Regarding challenges faced by women in the field, Professor Stingelin emphasizes the issue of being taken seriously, particularly in leadership roles. Although scientific competence is generally recognized, there is an unconscious bias that often favors the advice and opinions of men over women. Overcoming this bias can be difficult, but she believes that maintaining scientific excellence, staying well-informed, delivering results, and ensuring her voice is heard are crucial approaches. She remains determined and resilient, refusing to give up and striving to make a lasting impact.

One effective way to address this challenge is through the presence of role models who can mentor and support younger women in STEM. She believes the best is to have role models and expose women from very early on that a career in STEM is an option. And with early she emphasizes from kindergarten on. Having successful women in leadership positions can inspire confidence and provide guidance. Additionally, providing leadership training and assistance in amplifying their voices can empower women to assert themselves and make their contributions known. It is important to create inclusive networks that actively involve junior members, allowing them to connect with established professionals and participate in relevant scientific communities. Women should build their own networks and support each other in integrating into broader scientific networks, as men often have a stronger presence in networking circles. By fostering self-confidence, providing mentorship, leadership training, and facilitating networking opportunities, women in STEM can overcome barriers and empower themselves to succeed in their chosen fields.
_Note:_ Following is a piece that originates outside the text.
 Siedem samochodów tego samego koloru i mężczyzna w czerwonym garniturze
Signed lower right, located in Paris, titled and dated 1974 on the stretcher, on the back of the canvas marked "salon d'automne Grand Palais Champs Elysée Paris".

Encouraging a supportive and inclusive environment is essential for enabling women to thrive and make their voices heard.

Another valuable piece of advice she shares is to identify and rely on the opinions of a select group of 3 to 5 individuals whom the young women value. If these trusted individuals believe in her capabilities, it can provide a strong foundation. It is important to understand that it is impossible to please everyone or make everyone understand one's choices fully. However, having a handful of people who believe in her can be an excellent starting point. These individuals will be there to provide support during moments of self-doubt or when facing resistance. They can help instill confidence and reinforce her belief in herself and the path she has chosen.
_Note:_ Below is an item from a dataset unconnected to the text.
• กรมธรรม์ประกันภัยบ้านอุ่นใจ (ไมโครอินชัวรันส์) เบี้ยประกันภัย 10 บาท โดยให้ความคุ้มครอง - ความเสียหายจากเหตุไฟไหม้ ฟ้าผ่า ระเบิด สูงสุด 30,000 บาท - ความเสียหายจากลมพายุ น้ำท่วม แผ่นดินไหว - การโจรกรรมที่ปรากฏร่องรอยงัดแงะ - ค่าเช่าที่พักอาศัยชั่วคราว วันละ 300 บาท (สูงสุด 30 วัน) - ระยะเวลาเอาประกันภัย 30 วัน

To sum it up, Dr. Stringelin explains while self-confidence is a significant barrier for women in STEM fields, women should not always doubt themselves and be overly self-critical. While these traits can be beneficial at times, it is crucial for women to learn to assert themselves, believe in their abilities, and overcome self-doubt. She reminds us that without mentorship and a sense of community, all women should be encouraged to help create a supportive community in all areas of STEM.